41. I accept that AB is not a country guidance decision, but it gives useful and helpful guidance on the attitude of the Iranian government towards individuals who undertake internet activity, having carried out a comprehensive assessment of background evidence.
42. The Tribunal found at paragraph 470 that a person returning to Iran after a reasonably short period of time on an ordinary passport having left Iran illegally will almost certainly not attract any particular attention at all. That however is not the case with the Appellant, as his passport has expired, and he would therefore have to obtain a special travel document.

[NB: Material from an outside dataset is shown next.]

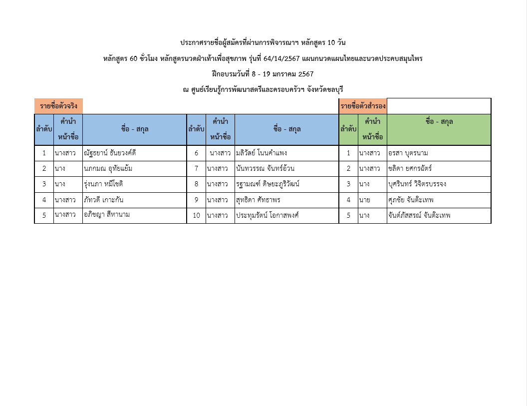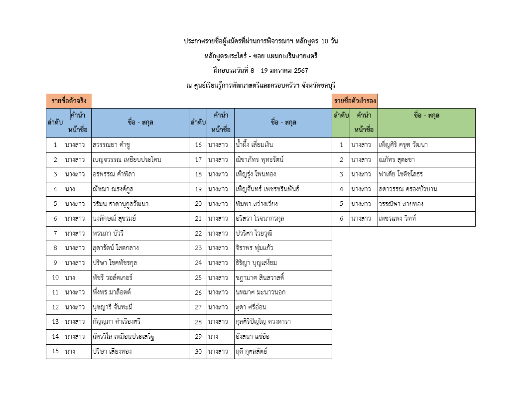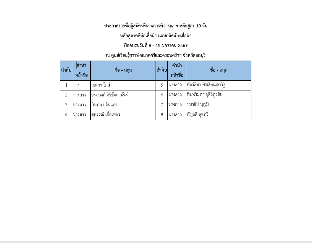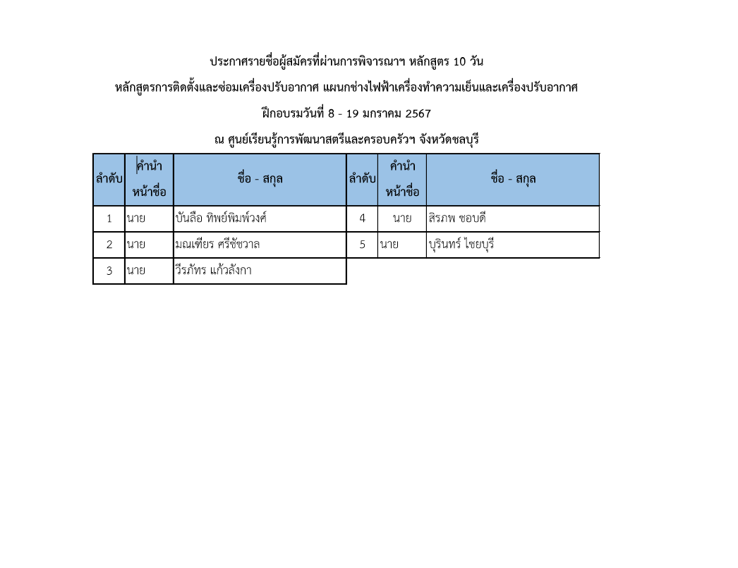 ประกาศรายชื่อผู้มีสิทธิเข้ารับการฝึกอบรม หลักสูตร 10 วัน (วันที่ 8 – 19 มกราคม 2567)

The Tribunal in paragraph 471 stated that where a person's leave to remain had lapsed, and who might be travelling on a special passport, there would be enhanced interest. The more active the person had been the more likely the authorities' interest could lead to persecution.
43. The Tribunal in paragraph 472 indicated that the more active a person had been on the internet the greater would be the risk. It was not relevant if a person had used the internet in an opportunistic way as the authorities are not concerned with a person's motivation. In cases in which the authorities had taken an interest, claiming asylum is viewed negatively which may not of itself be sufficient to lead to persecution, but it may enhance the risk.
44. I set out below paragraph 467 of AB;
"The mere fact of being in the United Kingdom for a prolonged period does not lead to persecution. However it may lead to scrutiny and there is clear evidence that some people are asked about their internet activity and particularly for their Facebook password. The act of returning someone creates a 'pinch point' so that a person is brought into direct contact with the authorities in Iran who have both the time and inclination to interrogate them. We think it likely that they will be asked about their internet activity and likely if they have any internet activity for that to be exposed and if it is less than flattering of the government to lead to at the very least a real risk of persecution."
45. It is established law, that if a person is questioned by the authorities on their return to their home country, that person cannot be expected to lie about their activities.
46. In my view, the evidence proves to the lower standard, that being a reasonable degree of likelihood, that the Appellant may be questioned when returned to Iran. The evidence also indicates that the Appellant may be questioned about his internet activity. When that internet activity is revealed, it would be regarded by the authorities, as indicating opposition to the Iranian regime.
47. The background evidence, and the decision in AB, indicates that in a case such as this, the Appellant would therefore be at real risk of persecution.
48. I therefore conclude that the Appellant is entitled to a grant of asylum because of his internet activity. He is therefore not entitled to a grant of humanitarian protection. The evidence indicates that the Appellant would be at risk of treatment that would breach Article 3 of the 1950 Convention.
Notice of Decision
The decision of the First-tier Tribunal involved the making of an error on a point of law and was set aside. I substitute a fresh decision as follows.
I allow the appeal on asylum grounds.
The Appellant is not entitled to humanitarian protection.
I allow the appeal on human rights grounds in relation to Article 3 of the 1950 Convention.
Anonymity
I make an anonymity order pursuant to rule 14 of the Tribunal Procedure (Upper Tribunal) Rules 2008
Unless and until a Tribunal or court directs otherwise, the Appellant is granted anonymity. No report of these proceedings shall directly or indirectly identify him or any member of his family. This direction applies both to the Appellant and to the Respondent. Failure to comply with this direction could lead to contempt of court proceedings.


Signed Date 21st May 2016

Deputy Upper Tribunal Judge M A Hall




TO THE RESPONDENT
FEE AWARD
It appears that no fee has been paid or is payable and therefore there is no fee award. If a fee has been paid or is payable, I would not make a fee award, as the appeal has been allowed because of evidence considered by the Tribunal that was not before the initial decision maker.